Another familiar chord struck by the author was the description of his problems with anger management.  While I was growing up, arguments were never simply disagreements.  One didn’t argue well with somebody, in my household, and in my neighborhood, unless one did tangible and lasting damage to the other’s self esteem.  There was no such thing as a verbal “fair fight”.  I laughed when the author described how his horrified wife (who had been brought up in a much different social environment) once had to restrain him from getting out of his car during a fit of road rage.  There have been many times in my own life when just a little bit less self restraint while encountering bad driving behavior might have landed me behind bars.  I’ve often wondered if my career suffered because I treated every disagreement, no matter how minor, as if it was mortal combat, and often fell into the mental trap of regarding my coworkers as rivals fighting for slices of that limited pie rather than collaborators who together could make the pie grow larger.  Of course, as is so evident in the higher echelons of American business and politics today, not all bad and even boorish behavior can be attributed to a modest upbringing.  I have seen, time and time again, that the rat race runs all the way up the ranks to the boardroom.
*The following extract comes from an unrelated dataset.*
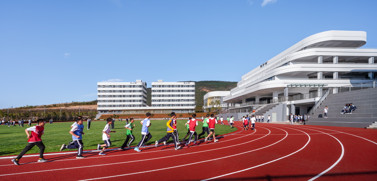 光影流转、云波缥缈,全新的校园以设计为依托,赋予了学生和老师更多教学体验的可能性;望山揽云、眺望未来,弘玉中学结合玉溪的青山绿水打造生态自然的绿色学习环境,营造师生交流的学习休闲的丰富空间,融入周边城市;为社交互动提供有意义和积极的生活,开发学生们的潜能,建立他们积极的自我形象,为今后进入社会、面向未来打下坚实的基础。
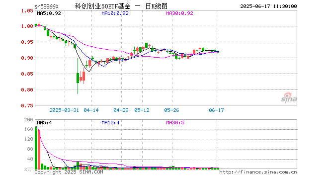 科创创业50ETF基金(588660)跌0.54%,半日成交额270.60万元

While J. D. Vance finds some humor in the tales of his upbringing, he always makes it very plain that there was much more tragedy than comedy in the old neighborhood.  Here I think is where our backgrounds differed, because things have definitely gotten worse in the world of the white working class between the decades that I grew up in it and he did.  All of the families in my neighborhood had both fathers and mothers, living together, and all of the fathers had jobs.  We never really lacked anything – at least anything important – particularly when it came to food and clothing.  And although most of my friends from the old neighborhood never went to college, they all landed jobs that could support them and their families.  There were drugs, and alcohol, but addiction was still a relatively rare phenomenon.  In the world of Vance’s childhood, alcohol and drug abuse was much more rampant, as were families without fathers, and widespread, habitual unemployment.  Someone growing up in that environment could not count on the fact that they would find decent work when they got out of high school (if they even got that far in their education), let alone aspire to have a standard of living better than that of their parents.  And this has created a paradoxical cause of resentment and psychological conflict among those living in this environment:  For generations, the white working class had been proudly individualistic: openly resenting others in society who they felt were living on the government dole.  And yet, in recent decades, they have found themselves increasingly dependent on government programs of one form or another just to get by.  It grates on them, and drives them to search about for a scapegoat.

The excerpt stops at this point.